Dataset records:
============

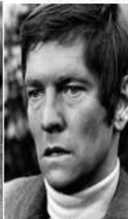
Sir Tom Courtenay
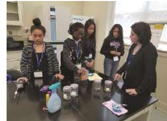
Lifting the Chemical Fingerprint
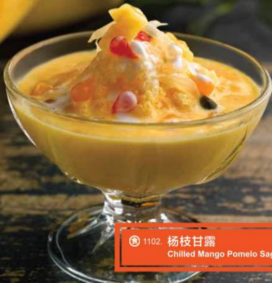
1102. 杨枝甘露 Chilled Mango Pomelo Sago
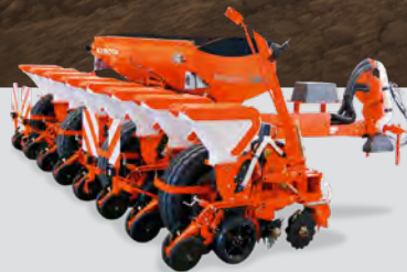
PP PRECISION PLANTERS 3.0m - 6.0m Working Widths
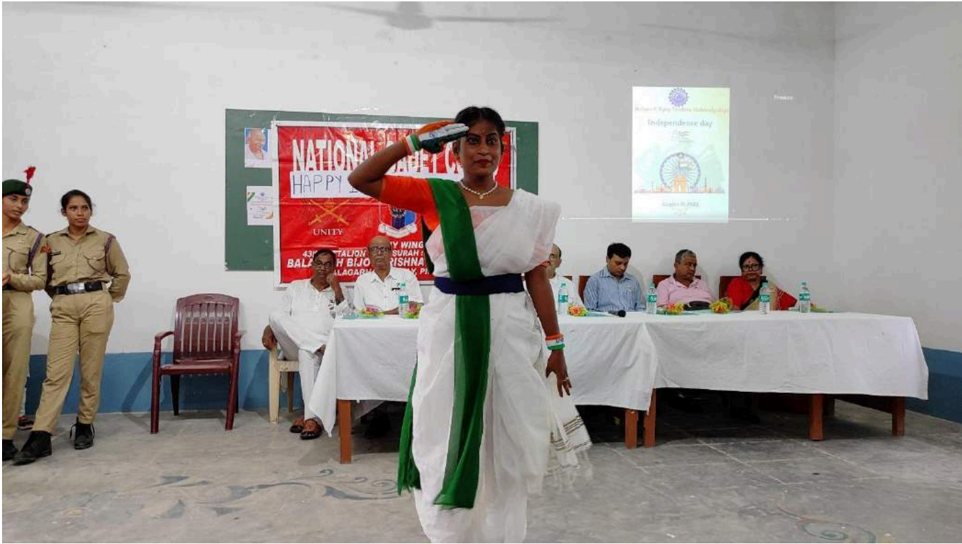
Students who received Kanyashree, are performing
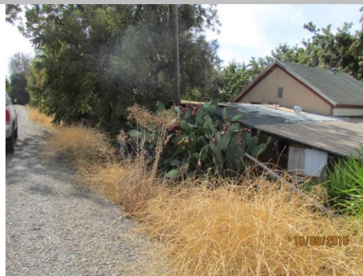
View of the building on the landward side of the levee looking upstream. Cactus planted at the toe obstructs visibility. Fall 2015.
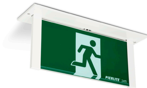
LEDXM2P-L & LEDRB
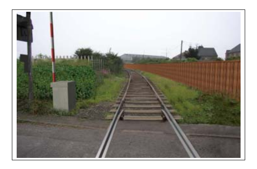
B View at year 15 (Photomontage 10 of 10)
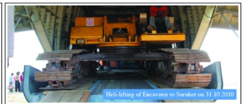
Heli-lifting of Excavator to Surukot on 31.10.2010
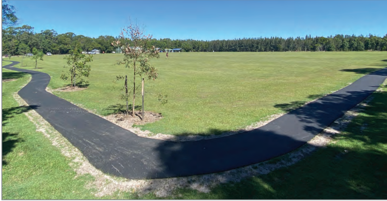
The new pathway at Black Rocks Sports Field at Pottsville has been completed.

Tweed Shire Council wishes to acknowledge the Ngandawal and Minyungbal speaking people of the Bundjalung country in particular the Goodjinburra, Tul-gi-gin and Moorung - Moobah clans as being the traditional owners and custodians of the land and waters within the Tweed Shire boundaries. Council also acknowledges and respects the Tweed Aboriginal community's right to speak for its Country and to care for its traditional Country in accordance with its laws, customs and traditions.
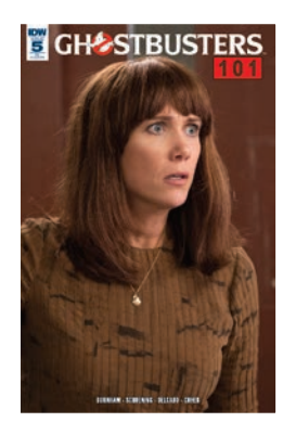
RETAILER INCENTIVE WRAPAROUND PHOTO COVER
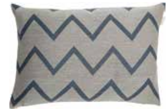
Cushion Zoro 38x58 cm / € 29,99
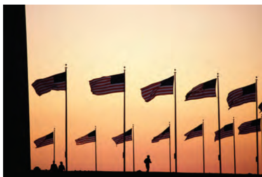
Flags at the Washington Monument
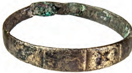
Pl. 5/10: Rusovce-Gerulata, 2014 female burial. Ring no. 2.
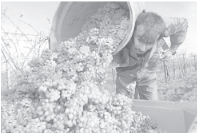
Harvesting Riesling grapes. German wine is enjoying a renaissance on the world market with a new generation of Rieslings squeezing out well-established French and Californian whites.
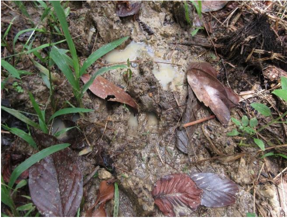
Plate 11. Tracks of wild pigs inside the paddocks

============

TASK REQUIREMENTS —
Look above for the line with "Students who received" and the line with "Heli-lifting of Excavator". Copy them and every line between, exactly, but no pictures.

OUTPUT OF THE EXERCISE —
Students who received Kanyashree, are performing
View of the building on the landward side of the levee looking upstream. Cactus planted at the toe obstructs visibility. Fall 2015.
LEDXM2P-L & LEDRB
B View at year 15 (Photomontage 10 of 10)
Heli-lifting of Excavator to Surukot on 31.10.2010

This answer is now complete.